-- Task --
Return the stretch from the line with "美西校友會北加新春聯歡" through the line with "Gambar 2. Hasil Tulisan Peserta Didik MDA" in the data below, character for character, skipping all pictures.

-- Data section --
● ● ●
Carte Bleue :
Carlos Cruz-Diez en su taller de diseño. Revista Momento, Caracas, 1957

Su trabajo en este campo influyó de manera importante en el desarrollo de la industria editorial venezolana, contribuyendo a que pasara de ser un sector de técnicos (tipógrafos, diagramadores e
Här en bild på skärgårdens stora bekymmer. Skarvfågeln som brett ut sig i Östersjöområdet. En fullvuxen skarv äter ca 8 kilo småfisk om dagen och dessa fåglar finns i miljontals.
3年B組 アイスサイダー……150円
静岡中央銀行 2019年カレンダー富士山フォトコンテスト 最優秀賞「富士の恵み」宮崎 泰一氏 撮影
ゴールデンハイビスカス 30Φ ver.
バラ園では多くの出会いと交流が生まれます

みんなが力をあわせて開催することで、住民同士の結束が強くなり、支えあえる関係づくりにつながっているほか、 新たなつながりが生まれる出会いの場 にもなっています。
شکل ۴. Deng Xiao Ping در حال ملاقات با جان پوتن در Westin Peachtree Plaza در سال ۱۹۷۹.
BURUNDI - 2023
● ● ●
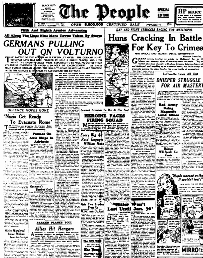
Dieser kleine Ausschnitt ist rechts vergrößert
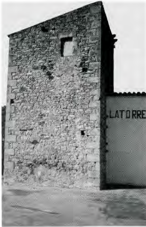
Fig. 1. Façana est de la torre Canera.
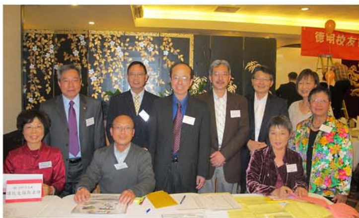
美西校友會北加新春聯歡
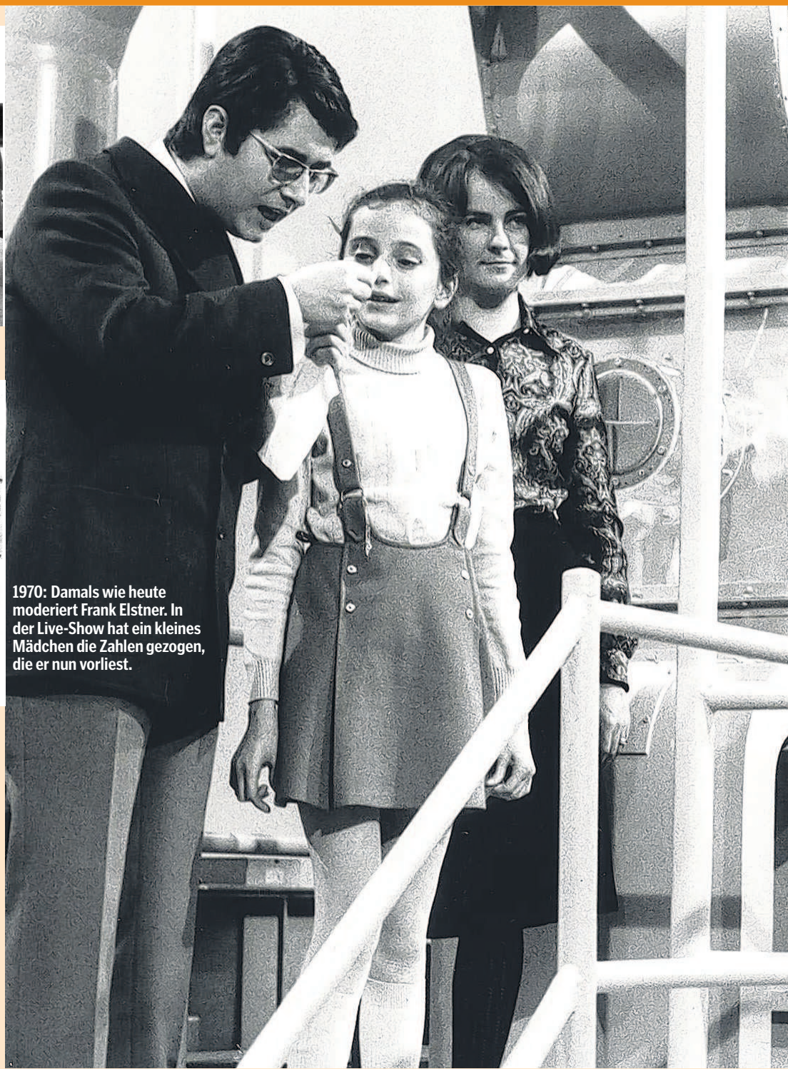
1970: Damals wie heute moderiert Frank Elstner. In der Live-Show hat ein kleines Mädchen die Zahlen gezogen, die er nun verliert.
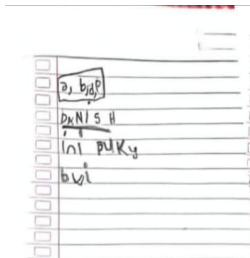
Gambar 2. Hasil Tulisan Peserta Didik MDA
● ● ●
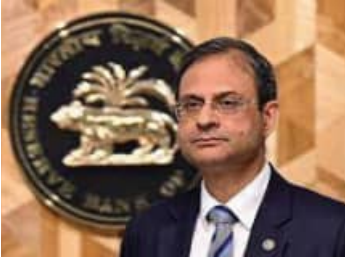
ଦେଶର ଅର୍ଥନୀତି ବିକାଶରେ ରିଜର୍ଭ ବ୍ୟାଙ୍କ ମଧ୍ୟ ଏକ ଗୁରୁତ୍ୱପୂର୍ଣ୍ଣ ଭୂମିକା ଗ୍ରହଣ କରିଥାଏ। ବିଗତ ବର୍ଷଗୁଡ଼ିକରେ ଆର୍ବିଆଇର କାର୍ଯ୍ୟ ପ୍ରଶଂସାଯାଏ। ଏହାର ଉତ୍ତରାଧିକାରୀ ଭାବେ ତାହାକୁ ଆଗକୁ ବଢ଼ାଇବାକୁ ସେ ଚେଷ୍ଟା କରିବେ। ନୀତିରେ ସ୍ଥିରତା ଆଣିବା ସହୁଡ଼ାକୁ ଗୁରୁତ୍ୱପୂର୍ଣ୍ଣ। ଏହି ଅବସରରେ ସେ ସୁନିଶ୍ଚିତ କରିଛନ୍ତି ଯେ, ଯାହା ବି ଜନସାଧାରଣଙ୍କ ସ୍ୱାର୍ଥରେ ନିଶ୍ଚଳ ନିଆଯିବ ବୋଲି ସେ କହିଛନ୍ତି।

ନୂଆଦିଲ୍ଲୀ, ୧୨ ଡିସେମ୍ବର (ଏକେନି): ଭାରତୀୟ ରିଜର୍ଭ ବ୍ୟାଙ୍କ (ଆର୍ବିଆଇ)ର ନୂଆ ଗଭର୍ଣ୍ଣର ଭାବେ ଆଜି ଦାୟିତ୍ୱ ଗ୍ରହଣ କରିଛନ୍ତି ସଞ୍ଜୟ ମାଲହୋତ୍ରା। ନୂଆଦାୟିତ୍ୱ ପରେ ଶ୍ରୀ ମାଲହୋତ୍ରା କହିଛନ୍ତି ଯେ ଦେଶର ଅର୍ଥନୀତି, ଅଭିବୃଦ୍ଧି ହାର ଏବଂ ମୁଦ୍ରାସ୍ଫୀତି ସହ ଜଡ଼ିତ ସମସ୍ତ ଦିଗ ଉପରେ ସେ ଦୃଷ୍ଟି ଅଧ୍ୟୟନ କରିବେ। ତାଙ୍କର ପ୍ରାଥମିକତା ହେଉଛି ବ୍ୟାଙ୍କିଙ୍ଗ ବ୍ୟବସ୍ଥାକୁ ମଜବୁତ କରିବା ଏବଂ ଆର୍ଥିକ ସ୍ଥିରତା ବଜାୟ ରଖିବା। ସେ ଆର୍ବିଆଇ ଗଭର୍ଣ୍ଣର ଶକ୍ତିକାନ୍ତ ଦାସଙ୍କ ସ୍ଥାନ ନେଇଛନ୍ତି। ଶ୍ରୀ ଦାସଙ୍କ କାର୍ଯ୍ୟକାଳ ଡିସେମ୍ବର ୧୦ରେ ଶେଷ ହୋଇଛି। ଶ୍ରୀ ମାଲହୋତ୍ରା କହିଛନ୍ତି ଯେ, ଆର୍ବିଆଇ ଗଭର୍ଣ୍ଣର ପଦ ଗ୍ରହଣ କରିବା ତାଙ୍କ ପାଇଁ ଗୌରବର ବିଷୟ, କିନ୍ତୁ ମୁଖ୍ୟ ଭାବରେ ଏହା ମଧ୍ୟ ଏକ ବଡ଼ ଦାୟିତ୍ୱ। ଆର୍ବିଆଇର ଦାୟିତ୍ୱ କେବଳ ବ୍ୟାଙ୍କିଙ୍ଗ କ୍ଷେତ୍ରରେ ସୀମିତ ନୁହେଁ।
● ● ●
-- Answer to the exercise --
美西校友會北加新春聯歡
1970: Damals wie heute moderiert Frank Elstner. In der Live-Show hat ein kleines Mädchen die Zahlen gezogen, die er nun verliert.
Gambar 2. Hasil Tulisan Peserta Didik MDA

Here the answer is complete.